Appreciative/solutions-focused: e.g. ‘What would an ideal team look and feel like for you?’, ‘When has this team been at its best?’, ‘What made the greatest positive difference at the time?’, ‘What opportunity does this situation represent?’, ‘On a scale of 1-10, how well is this team meeting your and other team members’ expectations?’, ‘What would it take to move it up a notch?’
Psychodynamic/cognitive-behavioural: e.g. ‘What picture comes to mind when you imagine the team?’, ‘What might a detached observer notice about the team?’, ‘How does this struggle feel for you?’, ‘When have you felt like that in the past?’, ‘What do you do when you feel that way?’, ‘What could your own behaviour be evoking in the team?’, ‘What could you do differently?’
Gestalt/systemic: e.g. ‘What is holding your attention in this situation?’ ‘What are you not noticing?’, ‘What are you inferring from people’s behaviour in the team?’, ‘What underlying needs are team members trying to fulfil by behaving this way?’, ‘What is this team situation telling you about wider issues in the organization?’, ‘What resources could you draw on to support you?’
Spiritual/existential: e.g. ‘How is this situation affecting your sense of calling as a leader?’, ‘What has God taught you in the past that could help you deal with this situation?’, ‘What resonances do you see between your leadership struggle and that experienced by people in the Bible?’, ‘What ways of dealing with this would feel most congruent with your beliefs and values?’
An important principle I’ve learned is to explore options and to contract with the client. ‘These are some of the ways in which we could approach this issue.
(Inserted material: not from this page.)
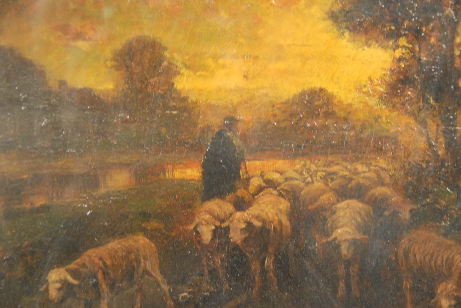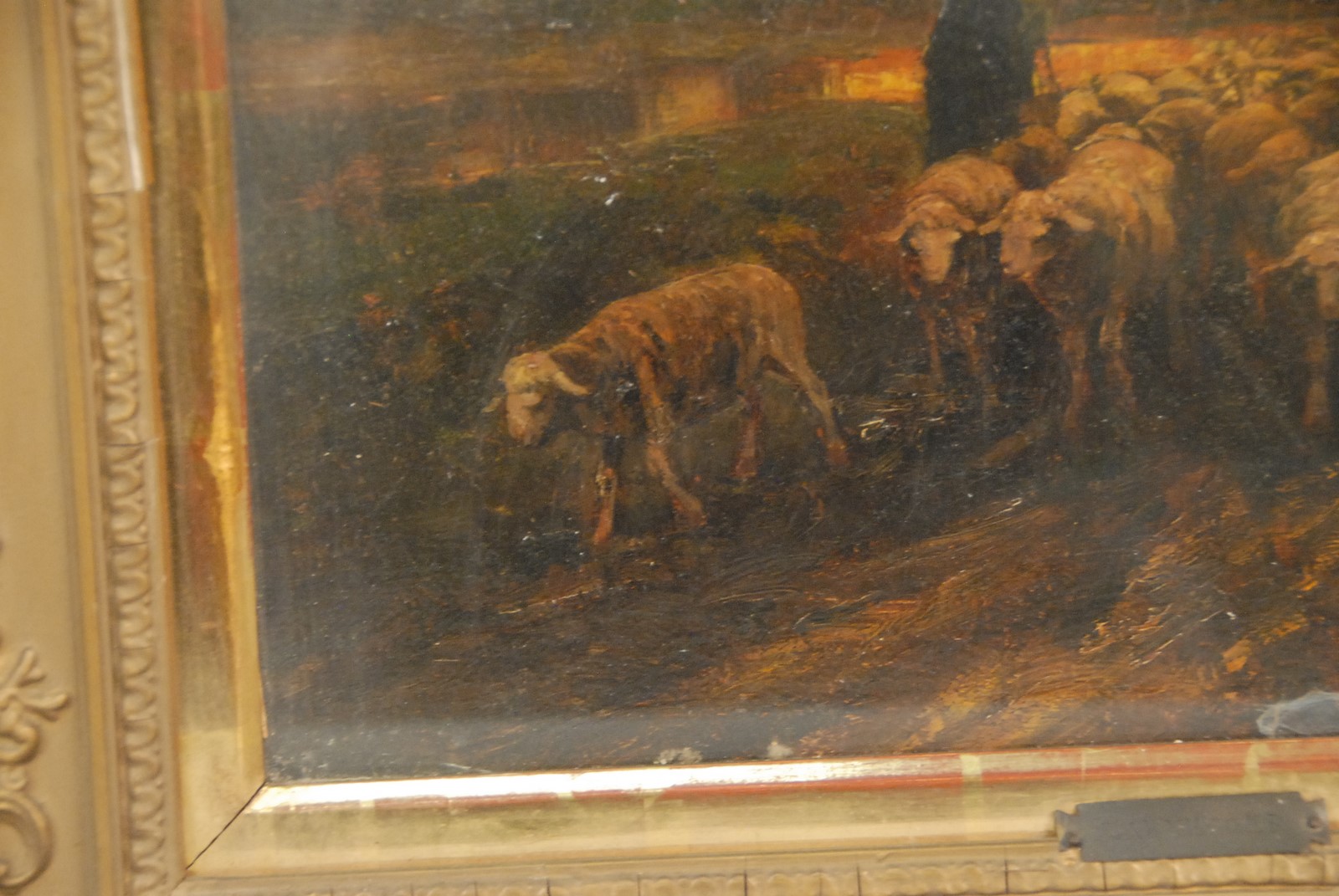 Alois Arnegger 1879-1963 RETURNING OF THE FLOCK oil on panel signed lower right A. Arnegger 11 x 13 3/4
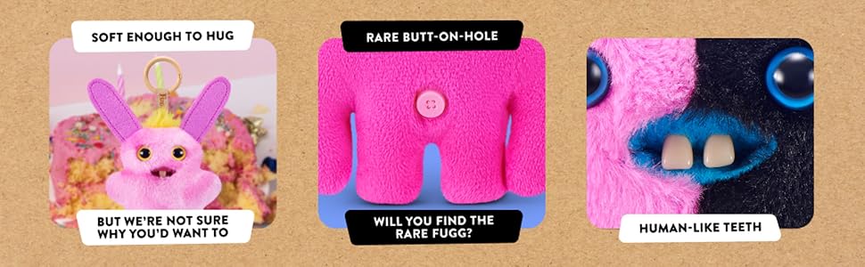RARE BUTT-ON HOLE: Hunt for the collector’s mark on select Fugglers. Can you find the Fuggler with the rare butt-on-hole?

What might work best for you?’ This enables the client to retain appropriate choice and control whilst, at the same time, introduces possibilities, opportunities and potential new experiences that could prove transformational.
What are your favourite coaching questions? I often use 3 that I’ve found can create a remarkable shift in awareness, insight and practice, especially in team coaching. I’ve applied them using variations in language and adapted them to different client issues, opportunities and challenges. They draw on principles from psychodynamic, Gestalt and solutions-focused coaching and are particularly helpful when a client or team feels stuck, unable to find a way forward.
* ‘What’s your contribution to what you are experiencing?’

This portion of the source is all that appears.